What the task requires: With the pictures omitted, print exactly the lines below, from the one containing "Il bilancio dell'insieme" through the one containing "[1]8月22日より開始する三菱UFJ銀行本館で展示する工芸作家一覧", and nothing else.

Given entries:
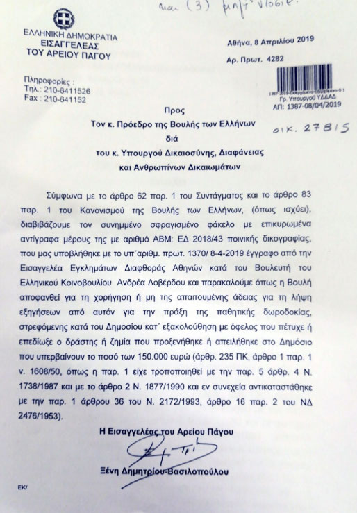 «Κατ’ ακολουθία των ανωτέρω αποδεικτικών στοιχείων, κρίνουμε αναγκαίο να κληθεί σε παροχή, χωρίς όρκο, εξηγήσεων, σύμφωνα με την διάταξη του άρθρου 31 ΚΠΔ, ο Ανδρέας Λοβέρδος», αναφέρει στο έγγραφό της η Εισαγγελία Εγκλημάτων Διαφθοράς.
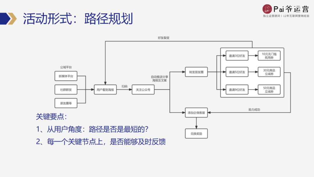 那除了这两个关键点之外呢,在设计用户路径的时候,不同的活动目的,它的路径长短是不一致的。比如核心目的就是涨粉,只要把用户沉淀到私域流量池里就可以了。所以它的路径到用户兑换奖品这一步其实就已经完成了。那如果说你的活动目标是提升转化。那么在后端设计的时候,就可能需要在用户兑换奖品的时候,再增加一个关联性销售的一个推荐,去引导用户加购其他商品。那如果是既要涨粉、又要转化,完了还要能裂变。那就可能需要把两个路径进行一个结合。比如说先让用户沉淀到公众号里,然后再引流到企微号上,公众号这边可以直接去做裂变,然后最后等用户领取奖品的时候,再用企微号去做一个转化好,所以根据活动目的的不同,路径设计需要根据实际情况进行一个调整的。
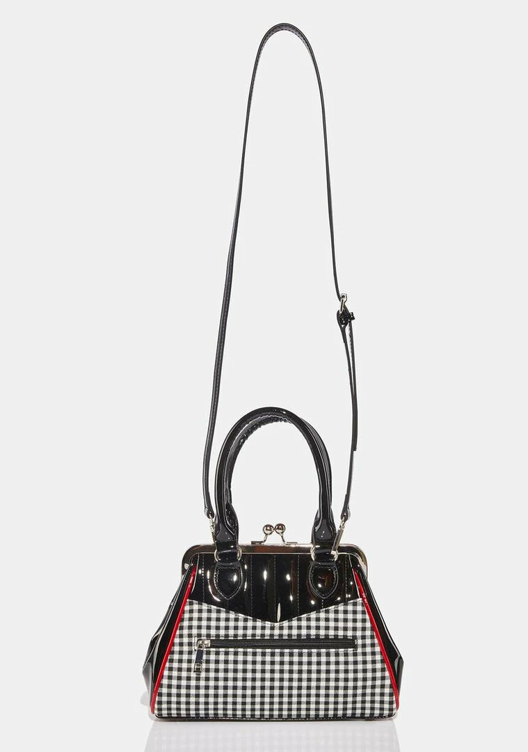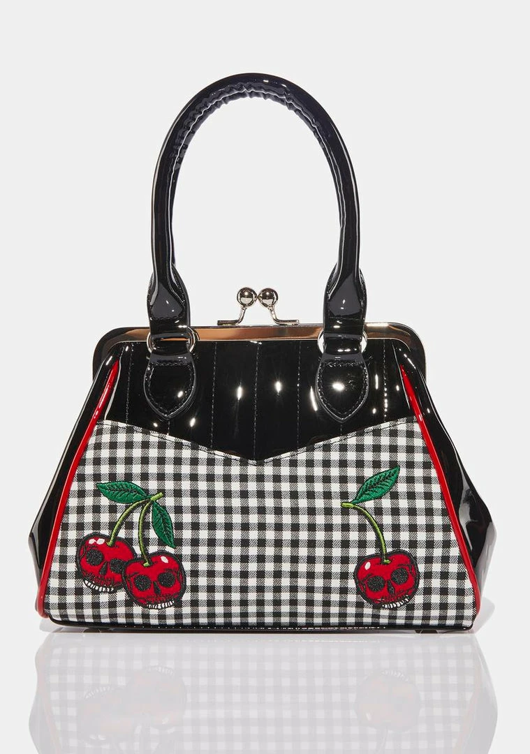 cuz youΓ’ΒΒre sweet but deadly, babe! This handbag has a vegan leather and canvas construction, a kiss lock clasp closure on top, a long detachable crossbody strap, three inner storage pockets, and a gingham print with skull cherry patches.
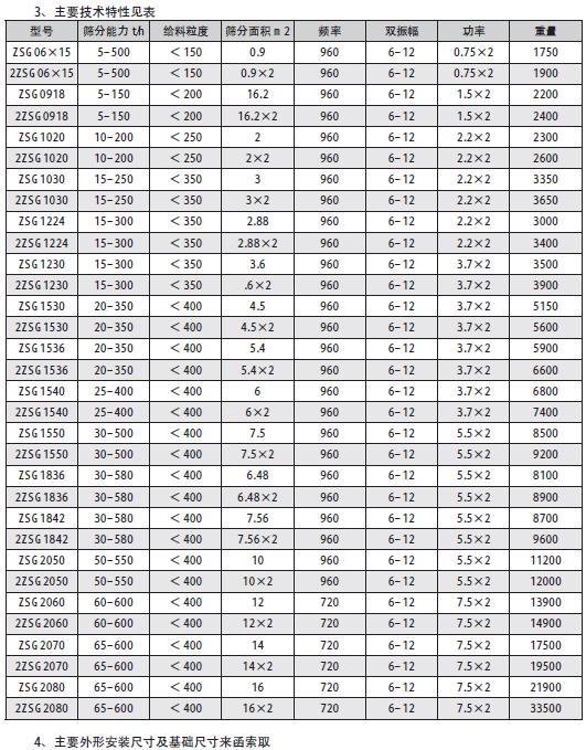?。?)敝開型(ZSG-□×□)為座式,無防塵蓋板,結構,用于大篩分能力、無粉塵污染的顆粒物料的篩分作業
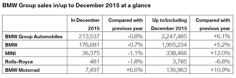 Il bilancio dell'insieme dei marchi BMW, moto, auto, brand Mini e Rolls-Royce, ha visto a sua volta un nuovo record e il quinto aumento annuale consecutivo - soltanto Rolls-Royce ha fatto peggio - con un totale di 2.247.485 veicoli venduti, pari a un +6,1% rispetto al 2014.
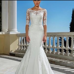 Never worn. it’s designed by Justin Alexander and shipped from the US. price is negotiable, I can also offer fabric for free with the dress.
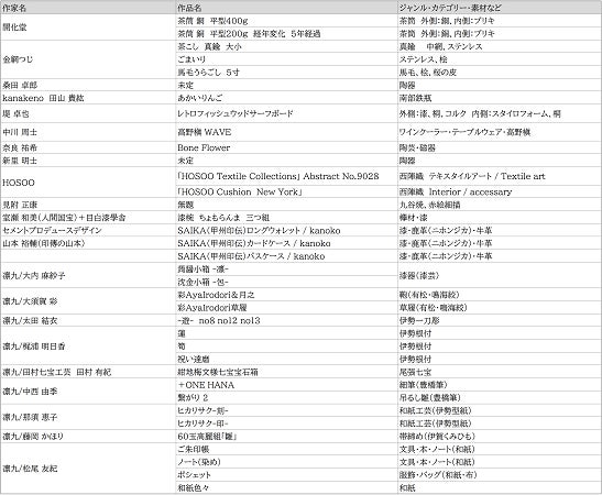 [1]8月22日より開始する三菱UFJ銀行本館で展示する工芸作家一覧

...

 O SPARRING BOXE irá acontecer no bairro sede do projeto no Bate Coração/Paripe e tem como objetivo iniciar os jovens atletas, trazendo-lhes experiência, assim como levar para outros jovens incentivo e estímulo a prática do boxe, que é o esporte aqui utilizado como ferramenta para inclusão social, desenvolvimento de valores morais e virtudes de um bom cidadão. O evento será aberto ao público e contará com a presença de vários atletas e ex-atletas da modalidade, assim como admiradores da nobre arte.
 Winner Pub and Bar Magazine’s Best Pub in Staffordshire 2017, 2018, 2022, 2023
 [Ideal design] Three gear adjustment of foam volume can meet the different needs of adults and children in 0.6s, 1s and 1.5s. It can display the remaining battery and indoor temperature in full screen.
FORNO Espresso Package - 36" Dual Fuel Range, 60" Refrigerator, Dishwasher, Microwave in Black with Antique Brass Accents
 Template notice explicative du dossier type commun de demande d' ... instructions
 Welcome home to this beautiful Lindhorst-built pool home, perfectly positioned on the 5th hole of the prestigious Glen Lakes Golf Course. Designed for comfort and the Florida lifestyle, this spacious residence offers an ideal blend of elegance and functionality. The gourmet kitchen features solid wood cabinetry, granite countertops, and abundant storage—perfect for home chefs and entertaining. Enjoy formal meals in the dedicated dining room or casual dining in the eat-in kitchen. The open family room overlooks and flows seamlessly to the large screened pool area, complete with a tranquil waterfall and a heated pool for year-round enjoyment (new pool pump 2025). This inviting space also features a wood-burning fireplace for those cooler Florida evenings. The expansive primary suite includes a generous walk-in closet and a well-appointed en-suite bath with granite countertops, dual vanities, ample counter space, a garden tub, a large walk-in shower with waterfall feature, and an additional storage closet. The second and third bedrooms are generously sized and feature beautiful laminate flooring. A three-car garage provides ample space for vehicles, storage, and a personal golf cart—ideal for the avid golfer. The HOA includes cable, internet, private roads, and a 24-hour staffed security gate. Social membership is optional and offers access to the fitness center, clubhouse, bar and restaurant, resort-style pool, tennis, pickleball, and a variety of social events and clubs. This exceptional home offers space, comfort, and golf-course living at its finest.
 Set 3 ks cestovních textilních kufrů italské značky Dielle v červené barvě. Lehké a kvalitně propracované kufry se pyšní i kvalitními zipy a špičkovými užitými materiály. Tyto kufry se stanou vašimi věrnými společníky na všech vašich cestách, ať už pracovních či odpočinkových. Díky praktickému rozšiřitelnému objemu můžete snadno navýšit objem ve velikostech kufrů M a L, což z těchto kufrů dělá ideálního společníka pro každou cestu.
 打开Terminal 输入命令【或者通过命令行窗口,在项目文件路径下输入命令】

Reply:
 Il bilancio dell'insieme dei marchi BMW, moto, auto, brand Mini e Rolls-Royce, ha visto a sua volta un nuovo record e il quinto aumento annuale consecutivo - soltanto Rolls-Royce ha fatto peggio - con un totale di 2.247.485 veicoli venduti, pari a un +6,1% rispetto al 2014.
 Never worn. it’s designed by Justin Alexander and shipped from the US. price is negotiable, I can also offer fabric for free with the dress.
 [1]8月22日より開始する三菱UFJ銀行本館で展示する工芸作家一覧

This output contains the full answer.